= Symphony No. 9 (Myaskovsky) =

Nikolai Myaskovsky wrote his Symphony No. 9 in E minor, Op. 28, between 1926 and 1927. It was dedicated to Nikolai Malko.

==Background==

Myaskovsky made the first sketches of the ninth symphony in the summer of 1926 in Tutschkowo. At this time he was not sure whether the work would become a symphony or a suite. He called it an "undefinable music-beast". Then in November Myaskovsky undertook his only journey abroad, which led him first to Warsaw to the inauguration of the Chopin monument and afterward to Vienna. There he met the director of Universal Edition, A. I. Dsimitrowski, in order to sign a contract over the publication of his chamber music.

Myaskovsky however ran fast back to Russia, in order to worry his pupils hard and continue working over his compositions. In Moscow, he prepared in the summer the sketches to the drafts of a symphony, and afterward, he dedicated himself to the conception of the tenth symphony. Only after he orchestrated the ninth symphony, were both works finished.

==Analysis==
The relatively large-scale symphony is again in four movements, and again, as with Symphonies No. 6 and No. 8, the positions of the Scherzo and the slow movement are exchanged from their usual spots. The music harmonically and melodically resembles the seventh symphony, and stands in contrast to the tenth as the seventh does the sixth. The character is predominantly dreamy and lyric, the tensions of the earlier symphonies are missing.

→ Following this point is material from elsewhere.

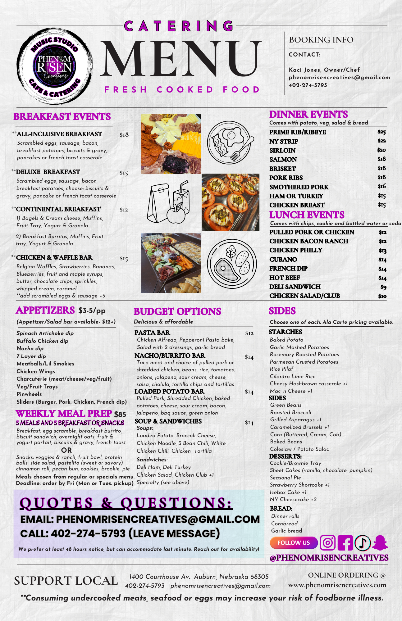 For personalized options from Catering Menu (20% off), email phenomrisencreatives@gmail.comÂ
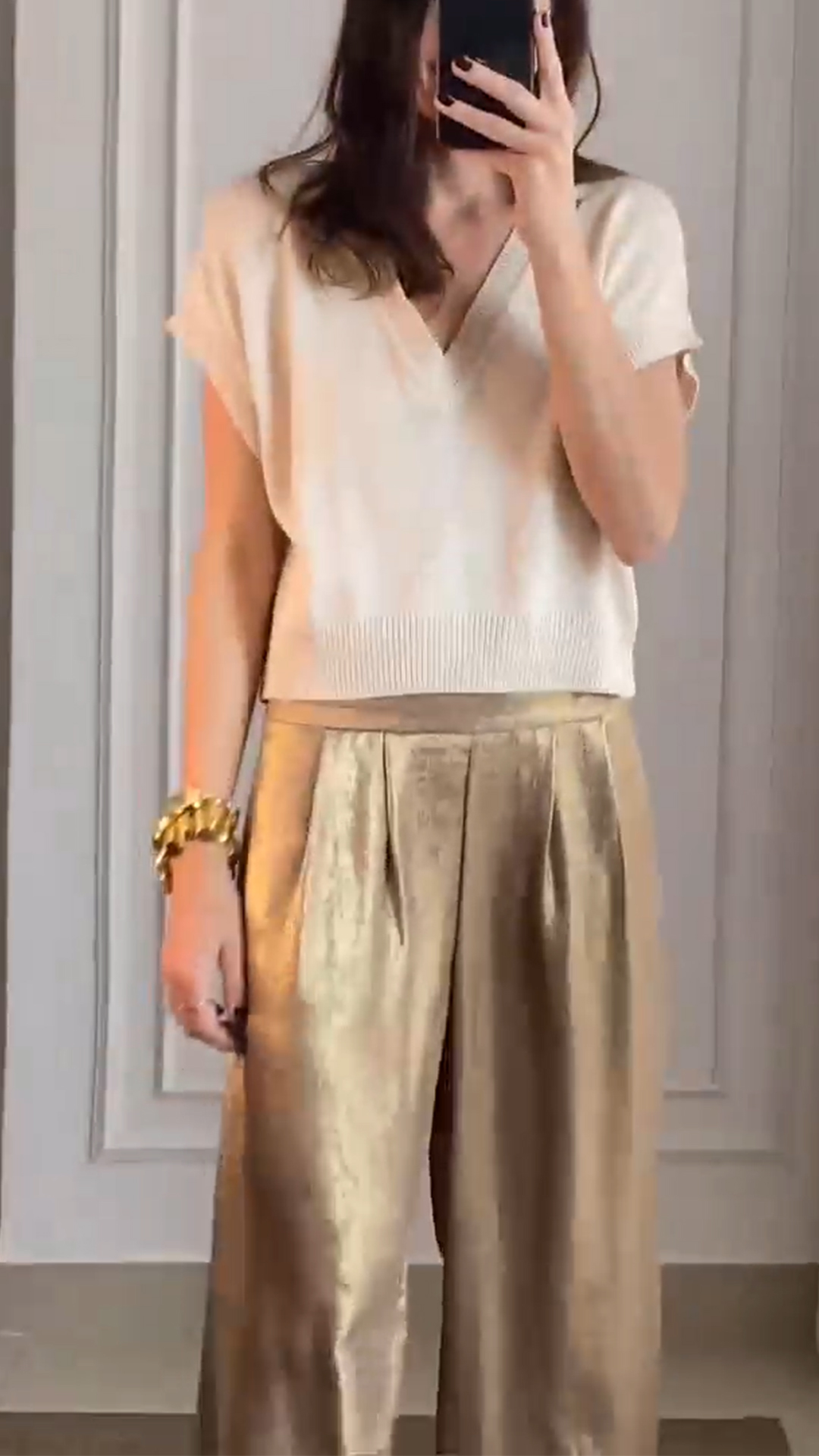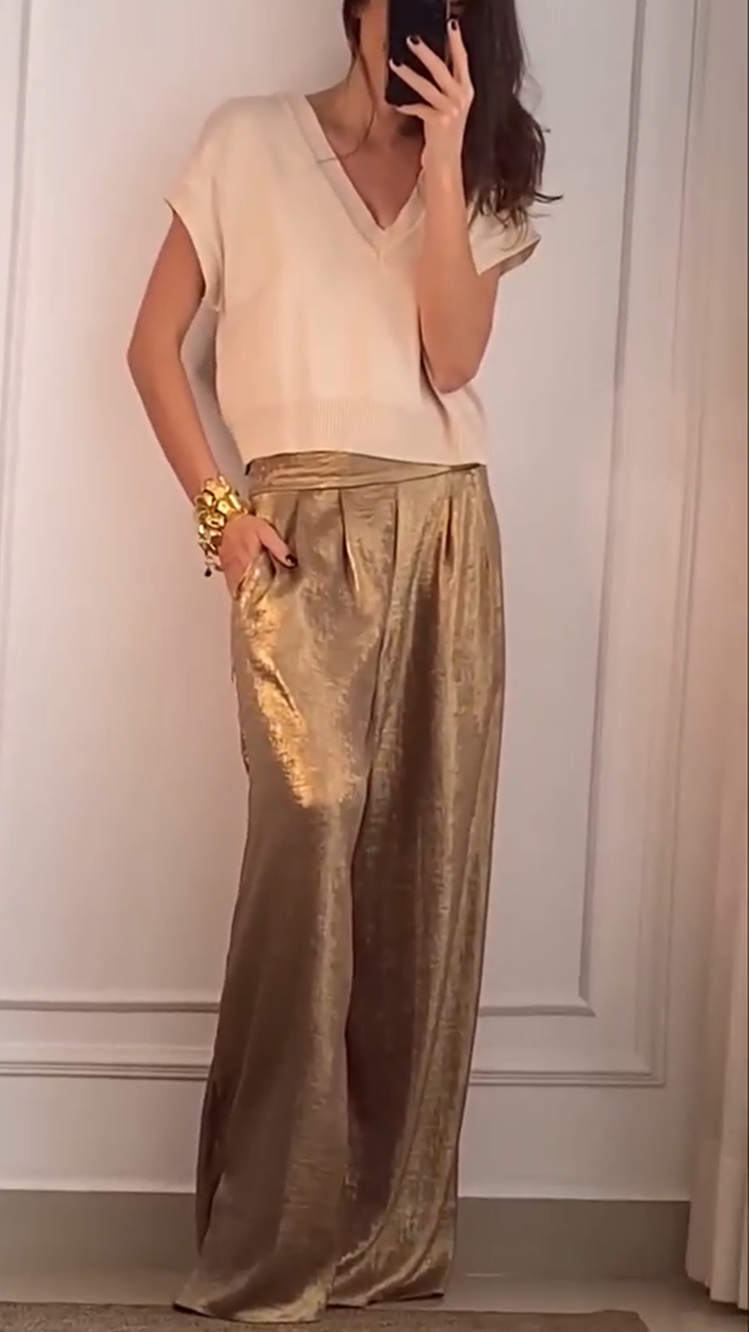 Ladies' Round Neck Side Pleated Top+ Pants Casual Set

Myaskovsky had been occupied in this time more closely with the music of Claude Debussy, and from Sergei Prokofiev had been able from Paris to acquire some scores. In Debussy, he admired the manner of representing "the lovely breathing of nature" in his music. The topic material is arranged uncomplicated and based to a large extent on folk songs or folk song-like melodies. Myaskovsky used rich polyphony, but nevertheless, the music remains always transparent. Some melodies and motives are, further, heard throughout the entire piece, more so than in Myaskovsky's earlier symphonies.
The four movements are:

=== I. Andante sostenuto ===
The first movement begins with dissonant chords, which create a mysterious atmosphere. Only the last one of these chords has a clear kind of tonality rooted in E minor, and introduces the second theme, which is marked with "Moderato malinconico". This melody is contrapuntally varied with the first theme (the theme associated with the dissonant chords). Still later there is a new theme in triplets in the woodwinds.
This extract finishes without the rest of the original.